Maryland State Retirement & Pension System, Baltimore, retained its 7.75% assumed rate of return on investments at a board meeting Tuesday.
The board instead voted 11-1 to change demographic assumptions affecting the $36.3 billion pension fund.
Board members had considered dropping the rate to 7.5%.
Brian Murphy with actuarial consultant Gabriel Roeder Smith told board members that the demographic changes include factoring in the cost of promotions and merit raises, and changes in retirement, benefit withdrawal and mortality rates. Both current and alternate assumptions were within an acceptable range, but the changes had “a higher probability of being met than present assumptions,” Mr. Murphy told the board.
The decision to change demographic assumptions will require an additional $25 million in employer contributions next fiscal year and $311 million total over five years, but less than the $28 million and $372 million, respectively, that the proposed rate drop was projected to cost.

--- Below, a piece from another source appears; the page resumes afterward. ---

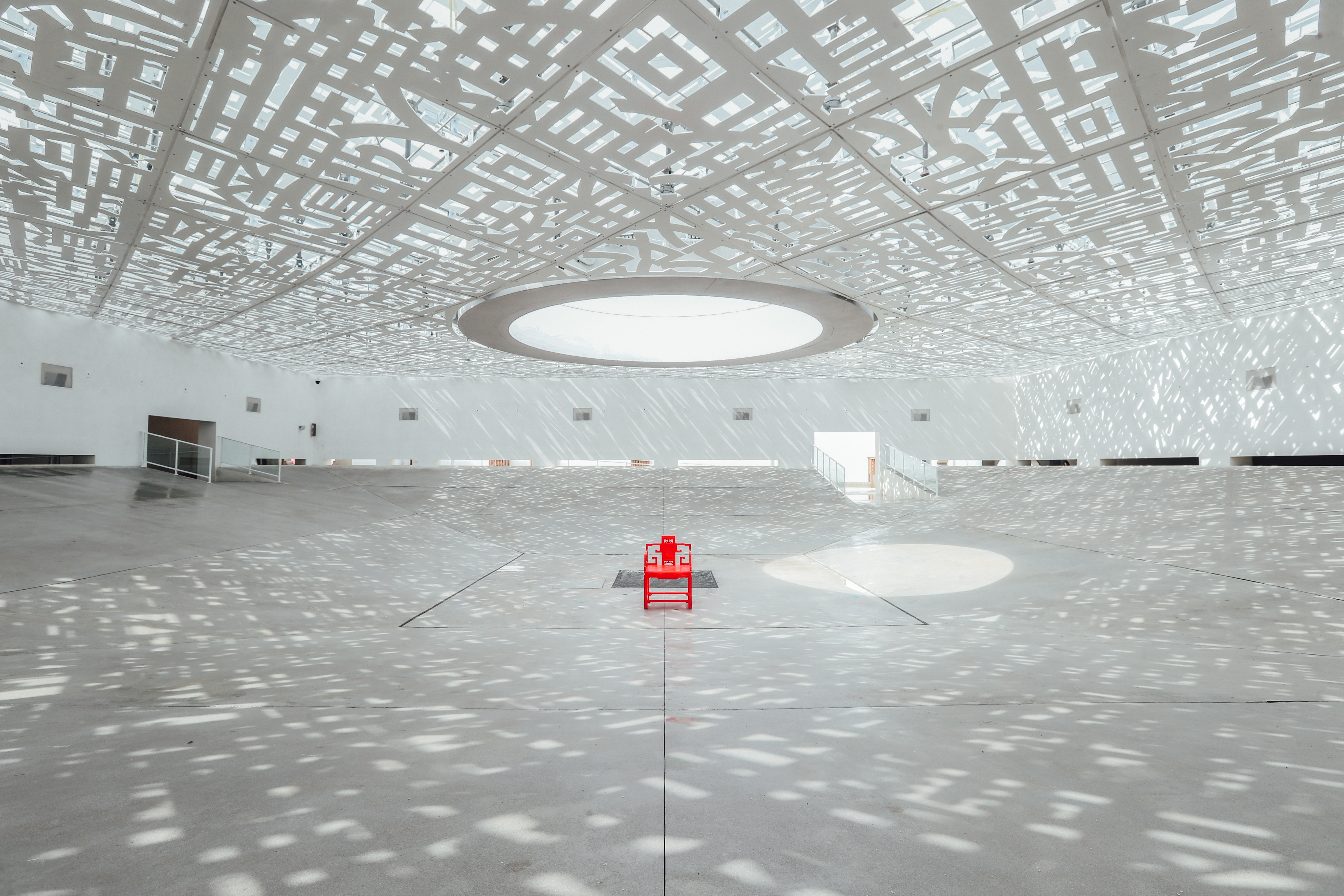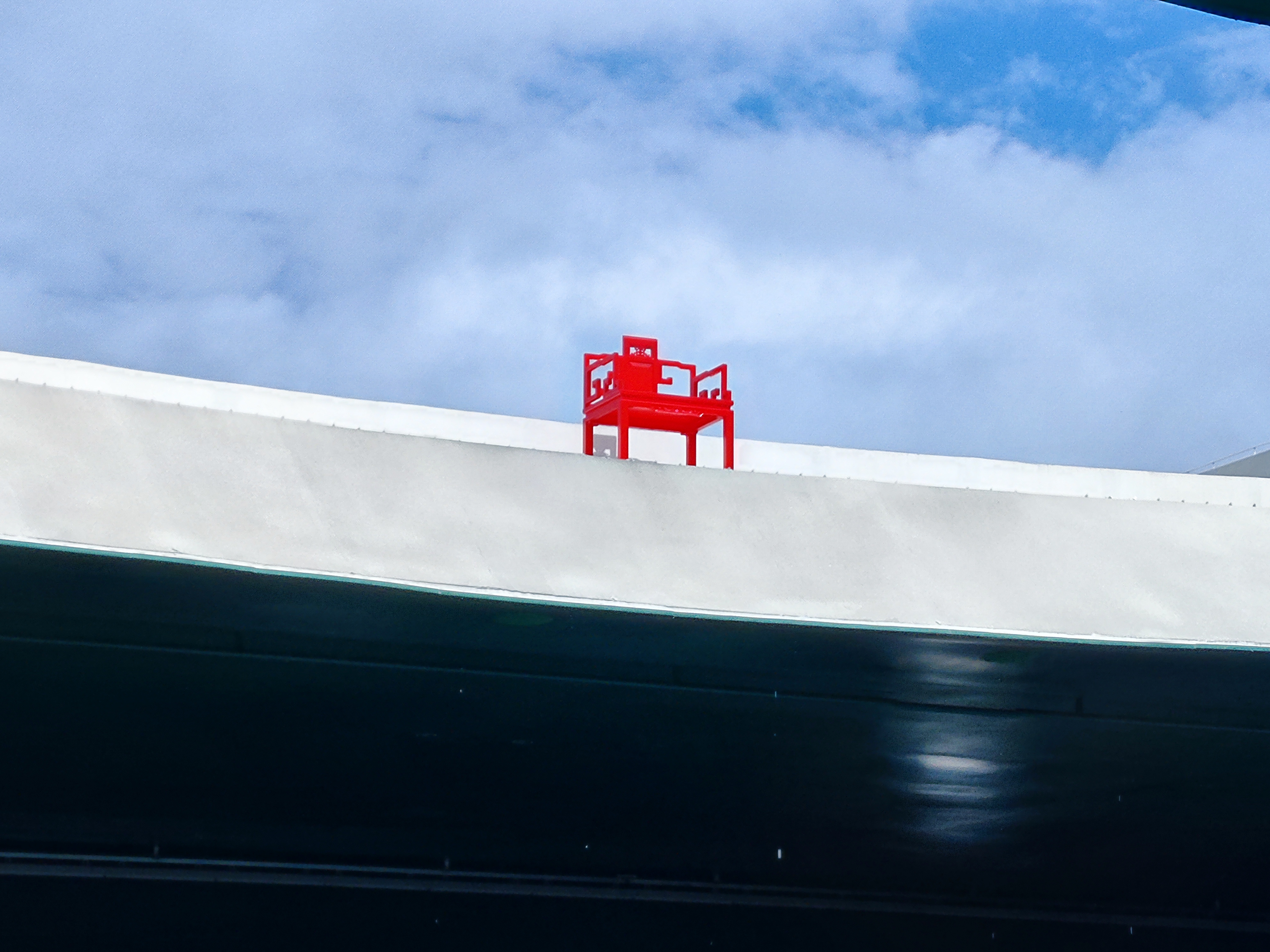 戏剧幻城里也有着夸张的“空”和“满”,戏剧幻城中一个最主要的视觉是一把空的红色椅子,它被安置在园林的各个地方,有时它会出现在一个非常空的巨大空间里,显得很渺小,有时候也会高居于一个空间的上方,大尺幅的空间和这样一个小的、空的抽象物的对比让人印象深刻。
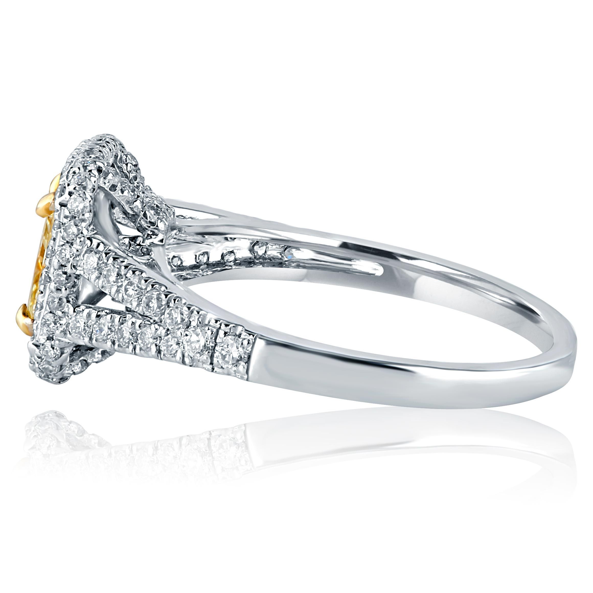 Crafted in 18-karat white gold, the ring showcases a 1.15 carat yellow (W - X Range) GIA certified radiant cut diamond in double halo of colorless round brilliant cut diamonds. The split shank with two light yellow trillion cut and colorless round cut diamonds complete a design. The center diamond has laser inscription #2173843349.

“One of our primary concerns has been the rate of return,” Nancy Kopp, state treasurer and board chairwoman, said before the vote. Ms. Kopp noted that with further pension funding changes on the table as the state prepares its fiscal 2014 budget, the board may reconsider the rate issue later.
“We did feel that we had to adopt the demographics despite the cost; there was really not a lot of debate,” Ms. Kopp said in an e-mail. A lower rate and inflation projection “might be the next step” as the board reviews its options annually.